Putting Street Directories on the Map

Towns like Edinburgh are well mapped these days – in electronic and paper forms – but it was not always like this.

Flickr Map Showing an Image of the National Library of Scotland Maps Building

Flickr Map Showing an Image of the National Library of Scotland Maps Building

These days, in addition to ubiquitous electronic maps and satellite images from Google, Bing, or Yahoo, a fresh handful of new paper maps are published every year by mainstream publishers such as the Automobile Association, Collins, Geographers A-Z, or Philips, as well as smaller specialist cartographers. This is without even considering the much larger number of publications including maps within them.

So its easy to forget that this modern abundance of urban mapping doesn’t extend back in time much before the 19th century for Edinburgh. The relatively limited earlier mapping of the burgh from the 16th century onwards for small and specialist audiences, dominated by military concerns, was replaced in the later 18th century by a diverse and steadily expanding civilian urban market. Maps appeared in a range of new publications – almanacs, directories, newspapers, travel accounts, books on history and geography, and publications of learned societies – for new literate audiences.  In addition, the steady replacement of copper-plate engraving by lithography during the 19th century allowed maps to be produced and updated much more cheaply.

Lithographic stone by edinburghcityofprint (the Edinburgh City of Print initiative)

Lithographic stone by edinburghcityofprint (the Edinburgh City of Print initiative)

Maps for Post Office Directories grew both in frequency and in the towns they covered as the century progressed, but they were always driven by these commercial and technological constraints. Only Aberdeen, Dundee,  Edinburgh, and Glasgow were regularly mapped before 1850 in Directories. After Ordnance Survey mapped Scotland’s towns at large scales from 1855-1880, many smaller towns – Ayr, Banff, Dumfries, Greenock and Perth – were mapped for Directories, whilst for the larger towns there were fresh new maps every year. Map publishers such as W & AK Johnston and Bartholomew – both based in Edinburgh too – rose to the fore to dominate production.
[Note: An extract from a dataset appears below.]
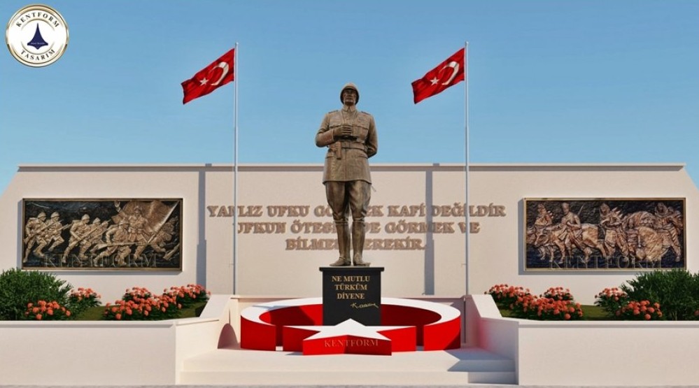 Atatürk Heykeli Tasarım Bilgisi: Mustafa Kemal Atatürk, Çonk Bayırı Anafartalar Grup Karargahındaki Çanakkale Savaşında kullanılan askeri üniformalı, çizmeli, başında şapkası, boynunda dürbünü, sağ eli dürbünü tutar vaziyette, sol eli arkada belinin üstünde kamçısını tutar vaziyette tasvir edilmiştir.Mustafa Kemal Atatürk Çanakkale Çonk Bayırındaki Çanakkale ruhu yansıtılmıştır.

Although plain and utilitarian, Post Office Directory maps are a key information source. Their value in illustrating the dramatic urban expansion and change at this time is heightened when we put them into a longer historical cartographic context. Ordnance Survey may have mapped these towns in more detail, but far less frequently, so that the Directory maps allow a much more precise record of the changing townscape.
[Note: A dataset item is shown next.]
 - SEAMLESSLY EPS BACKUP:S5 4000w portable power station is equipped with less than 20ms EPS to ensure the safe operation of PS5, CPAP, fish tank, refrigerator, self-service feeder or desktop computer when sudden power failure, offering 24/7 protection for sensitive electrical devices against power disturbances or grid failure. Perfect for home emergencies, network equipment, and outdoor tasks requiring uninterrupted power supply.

Screen capture of the Bartholomew Post Office Plan of Edinburgh and Leith, 1893-4

Part of the Bartholomew Post Office Plan of Edinburgh and Leith, 1893-4 (click the image to view the map on the NLS website)
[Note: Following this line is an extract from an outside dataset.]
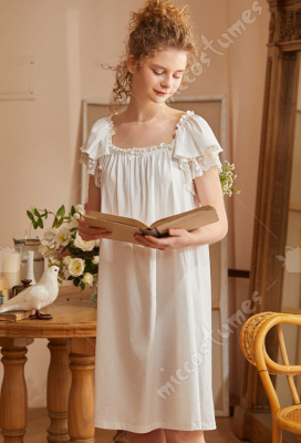 Costume Includes: nightdress. Material: cotton. Attention: Recommend hand wash. If machine washing is required, please use a laundry bag and avoid sun exposure.

For me, whilst Post Office Directory maps on paper have always been fascinating and useful for urban history, digitising, geo-referencing and integrating them with the textual content of the Directory brings out a whole new dimension to their value. Geo-referencing the maps allows them to be readily overlaid and compared to later and present day maps – the Visualising Urban Geographies project allows the advantages of this to be appreciated for maps of Edinburgh from 1765 to 1940. Geo-referencing the written content of the Directory, and creating dynamic spatial distributions of people or professions at the touch of a button, opens up a whole new graphical way of visualising the Directory content. By linking the results to a map of the same time period, the distributions can also be understood and appreciated much more readily. The AddressingHistory tool illustrates this new and powerful way of interrogating the Directories cartographically and geographically, and allows an important, but often neglected genre of urban mapping to be given a new relevance today.